What is being asked.
Across the whole listing, return each line exactly, with no images included.

The data.
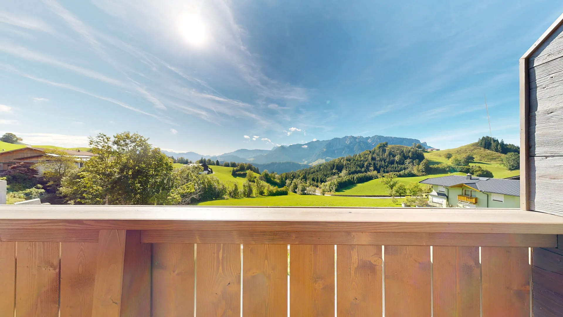 - möblierten Balkon Richtung Süden mit Panoramablick zum Kaisergebirge
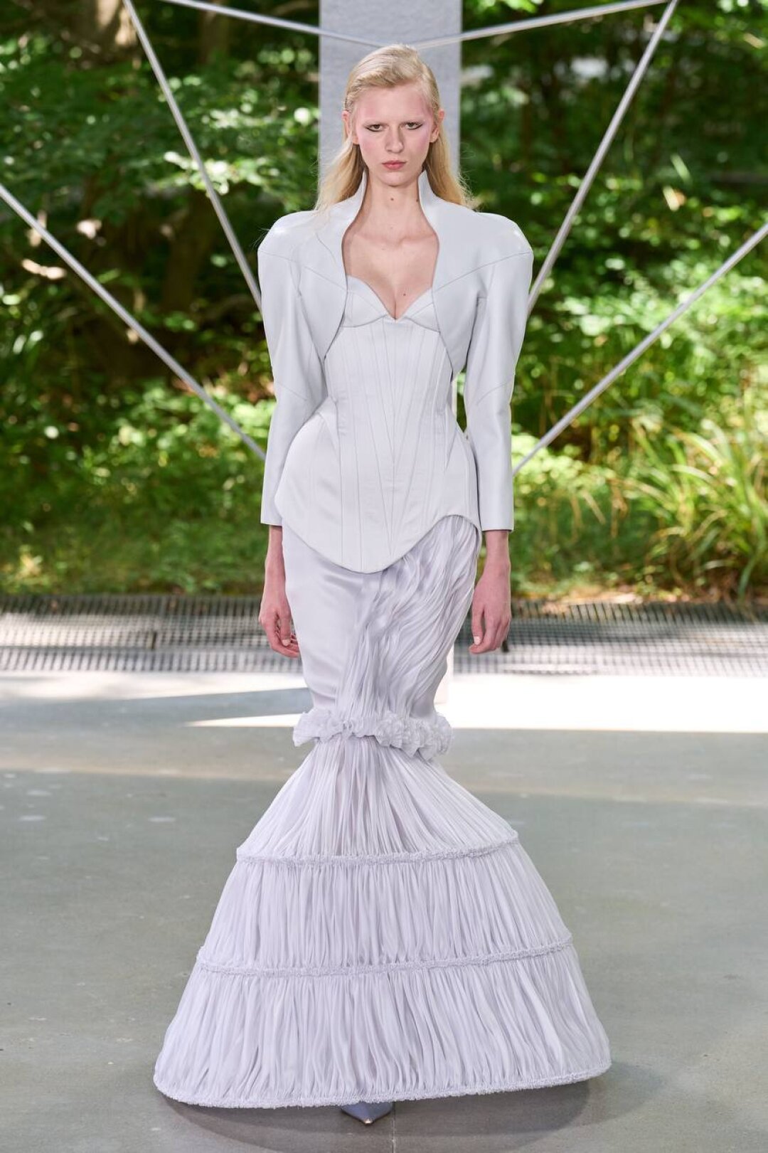В центре внимания — человеческое тело в роли полноценного арт-объекта. Видели всё: от совсем буквального на показе Germanier (между кожей модели и глазами зрителями только глиттер!) до переосмысленного на шоу Maison Margiela (Гленн Мартенс перепридумал тело по канону предшественников с помощью тугого корсета и создал иллюзию обнаженной кожи благодаря нюдовой ткани) и имитационного на подиумах Schiaparelli и Christian Dior (сочинили платья, повторяющие очертания реального тела и античной скульптуры). А в коллекции Robert Wun фигура человека превратилась в головной убор с вуалью (шок-невеста!).
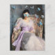 Vintage painting remix of a woman wearing a vintage white dress with pastel blue butterflies.

Solved exercise.
 - möblierten Balkon Richtung Süden mit Panoramablick zum Kaisergebirge
В центре внимания — человеческое тело в роли полноценного арт-объекта. Видели всё: от совсем буквального на показе Germanier (между кожей модели и глазами зрителями только глиттер!) до переосмысленного на шоу Maison Margiela (Гленн Мартенс перепридумал тело по канону предшественников с помощью тугого корсета и создал иллюзию обнаженной кожи благодаря нюдовой ткани) и имитационного на подиумах Schiaparelli и Christian Dior (сочинили платья, повторяющие очертания реального тела и античной скульптуры). А в коллекции Robert Wun фигура человека превратилась в головной убор с вуалью (шок-невеста!).
 Vintage painting remix of a woman wearing a vintage white dress with pastel blue butterflies.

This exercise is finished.